But what Nietzsche explored that Hobbes did not is the idea that science can fill the role of superstition no less than religion. The positing of this or that scientific explanation for the unknown may be no less superstitious than the positing of this or that invisible entity to explain the same phenomena. To one who has not done the research, there is is no epistemic difference between positing a weakened god of the underworld bringing an unusually mild winter and blaming man made global warming. If one follows the criteria set forth by Hobbes and expanded upon by Barash and Liption, for science to be different in kind from religion, one must have personally followed the arguments and have personally examined the evidence that results in this or that scientific conclusion. If one's opinion on the reality of global warming rests entirely on popular accounts in the news, or even on the direct reports of various scientists, then one's opinion is not actually founded upon on science any more than if one were to base one's beliefs on sermons given from the pulpit. This tendency to rest one's beliefs on the suppositions of others is the foundation of Nietzsche's famous aphorism about the death of God in The Gay Science.
After Buddha was dead, his shadow was still shown for centuries in a cave--a tremendous, gruesome shadow. God is dead; but given the way of men, there may still be caves for thousands of years in which his shadow will be shown. --And we still have to vanquish his shadow, too [§108].
The first part of this aphorism is legend. It caused an immediate sensation upon its publication much as Hobbes' Leviathan also caused a sensation upon its publication. But lost in the conservative reaction to the brute statement `God is dead' is any serious consideration of what Nietzsche meant by `his shadow.' In the popular discussions of Nietzsche, if the portion of the aphorism about the shadow of God is brought up at all, it is usually conflated with a remnant of religiosity that persists even after all belief in God has passed away. While it is true that in §125 Nietzsche puts into the mouth of his prophetic madman the question, ``What after all are these churches now if they are not the tombs and sepulchers of God?'' It is also certain that this later aphorism may be taken to be a rhetorical device meant to imply that the trappings of belief continue even though belief in God itself does not.

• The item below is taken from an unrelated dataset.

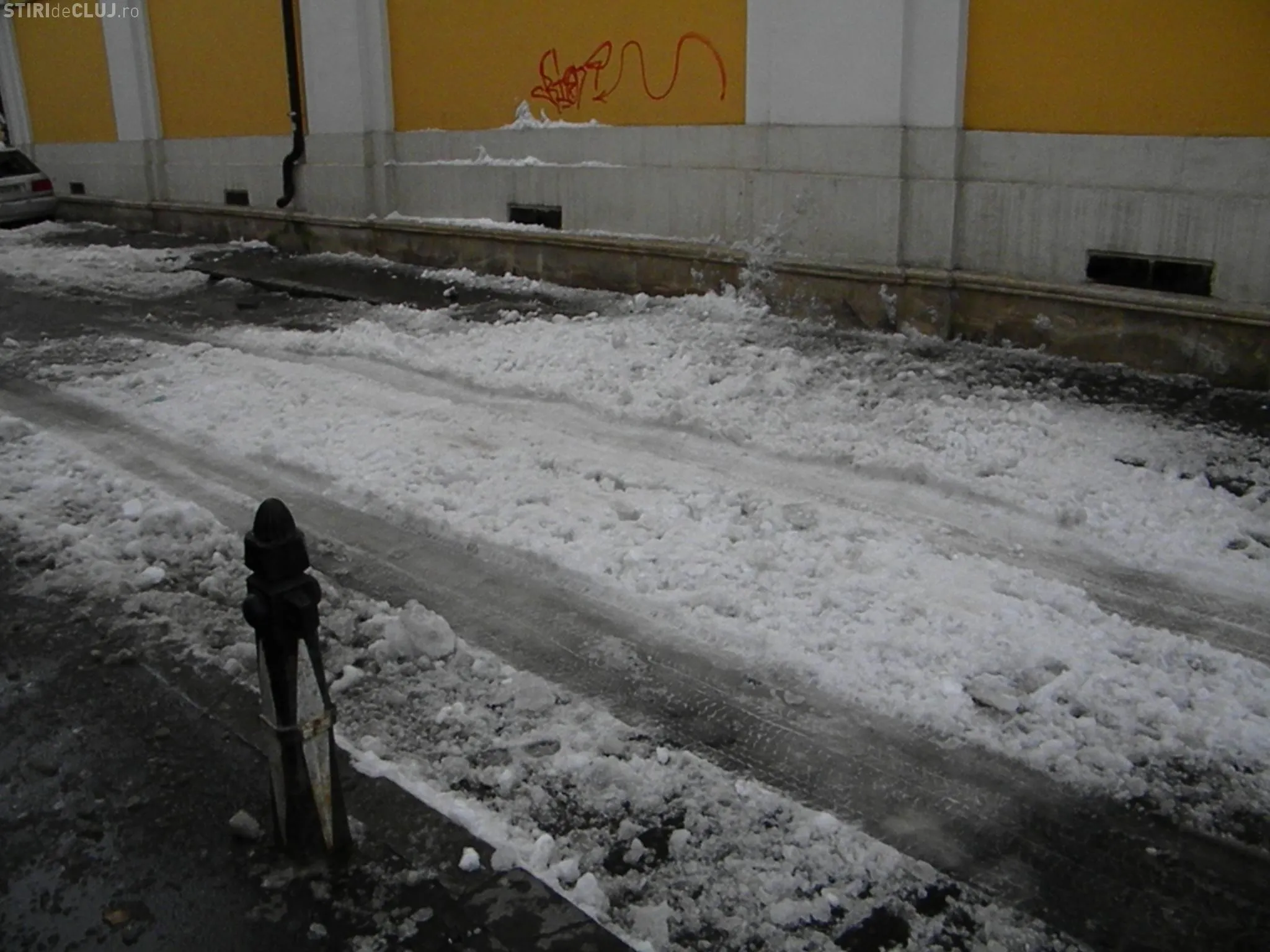 Masina distrusa de zapada in centrul Clujului FOTO si VIDEO EXCLUSIV

But if one does follows this route, one has to ignore §109 through §124 in which Nietzsche presents an assault on the anthropomorphism of nature at the hands of scientists and philosophers in addition to religionists. Moreover, one has to neglect that §108 marks the beginning of Book III of The Gay Science and, consequently, is built on the aphorisms of Books I and II. And it is in Book I that mankind is described as being more evil In Nietzsche's day than in aeons past precisely because of the discovery of science [§33]. Further, Nietzsche describes modern science as having been built on three different errors: the hope to understand God; the hope to use science as a tool to perfect humanity; and the view of science as a value-free pursuit of knowledge [§37]. But perhaps the most relevant aphorism to the subject at hand is §46 where the amazement of modern man vis a vis science is explicitly compared to the amazement of men in ages gone by towards superstition.

To be fair to Nietzsche, he offered more than one critique of science in Book I of The Gay Science. The critique that this essay is highlighting that the distinction that Hobbes made between science and religion also applies to the acceptance of science itself. But it is also true that Nietzsche went far beyond this critique in his sustained attack on the value of science. Discussion of that further critique, while certainly important, is outside the scope of this essay. What is most relevant to this particular discussion is that, as Nietzsche so accurately observed, many people have placed science into the role that religion used to play and, consequently, those people are no better off than the hordes of the so-called `dark ages' with regards to the certainty of their beliefs.

Now, one could certainly argue that even if most people still have beliefs formed by hearing various authorities, it is a step forward if those beliefs are founded on the reports of scientists rather than the preaching of religionists. But this step forward is a chimera at best. Regardless of what one's inclination towards any particular issue might be, scientific authorities exist to which one might appeal to confirm one's beliefs. Take the issue of global warming. On one side of the debate there is an overwhelming consensus that global warming is a man made phenomena. On the other side of the debate there are allegations that the global warming consensus is manufactured. Unless a person is extensively educated on the subject, whether one believes the science of one side or the other has as much to do with the quirks of fate and the forcefulness of rhetoric as it does with the scientific method and the issue of objective truth.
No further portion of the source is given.